Spaces of socioeconomic mobility? Educational trajectories and employment outcomes among the children of Caribbean caregivers in Toronto

Authors: Cindy Maharaj*, Department of Geography, York University
Topics: Immigration/Transnationalism, Social Geography, Migration
Keywords: Intergenerational mobility, immigration
Session Type: Paper
Day: 4/6/2019
Start / End Time: 1:10 PM / 2:50 PM
Room: Directors Room, Omni, West
Presentation File: No File Uploaded

One of the most significant current discussions in social science concerns socioeconomic mobility among the children of immigrants.
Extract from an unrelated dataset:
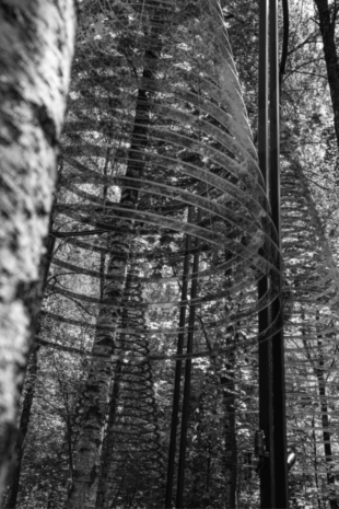 «Акведук» в качестве одного из экспонатов парка выбрала Ксения Новохатько (сокуратор маршрута «Малевич в лесу» — Прим. BURO.). Так как ландшафт местности в парке Малевича не позволял повторить первоначальный объект в натуральную величину, решено было воспроизвести только фрагмент композиции. Так «Акведук» стал своего рода «руиной», воспоминанием о работе мастера. «Руина» в концепции романтического парка свидетельствует о всепоглощающем времени, о всепобеждающей силе природы, постепенно захватывающей следы цивилизации. Отсылая своими формами к древнеримским акведукам, прозрачная линейная конструкция Александра Константинова как будто впускает в себя природу, с определенной точки зрения «растворяется» в ландшафте, подобно тому, как античные руины, обраставшие деревьями, постепенно становились органичной частью природного окружения.
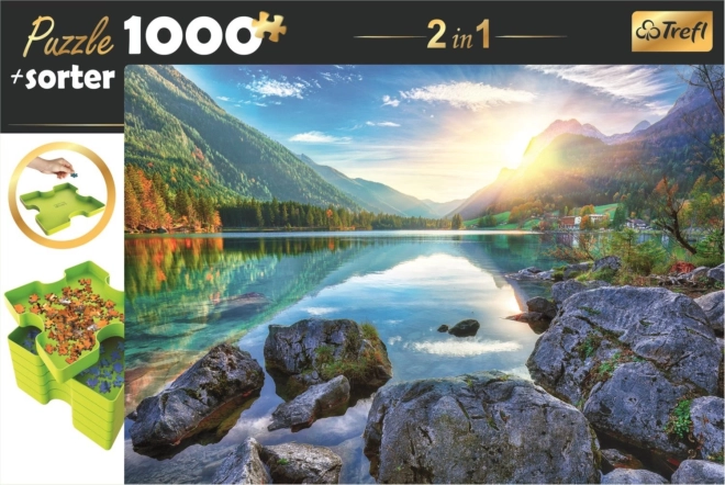 Bucurați-vă de motivul frumos al lacului Hintersee și de asamblarea mai confortabilă datorită sortatorului inteligent. Pachetul include un puzzle de 1000 de piese și un sortator cu 6 recipiente, care ajută la organizarea pieselor, grăbesc căutarea și mențin ordinea pe masă.

Since the late 1950s the profile of the Canadian immigrant population has shifted from a European majority to an ethno-racial mosaic—a reflection of geopolitical changes across the globe and the ‘liberalisation’ of racist Canadian law. Second generation immigrants whose parents migrated to Canada during the 1980s and 90s have come of age. The data suggests that there is considerable upward mobility among the children of immigrants. However, labour market access, the class through which first-generation immigrants have been admitted, legal mechanisms, and racism have hindered upward mobility for some immigrant groups, especially Black, Filipino and Latino communities. Canadian scholars have pointed out that immigrating as a caregiver creates difficulties of labour market integration and socioeconomic inequalities among their children. Following these findings, the aim of the study is to investigate the educational trajectories and employment outcomes among the children of Caribbean caregivers in Toronto. Most studies looking at socioeconomic mobility among the children of caregivers in Canada have done so in the Filipino context (children of the Live-in Caregiver Program). Also, while studies have examined the barriers faced by Black-Canadian youth in schools and link poor outcomes to rampant racism, the outcomes have not been explicitly linked to the migration of Caribbean women as caregivers. The research takes a qualitative approach and uses life history interviews with 10 Caribbean caregivers and their children to achieve these objectives.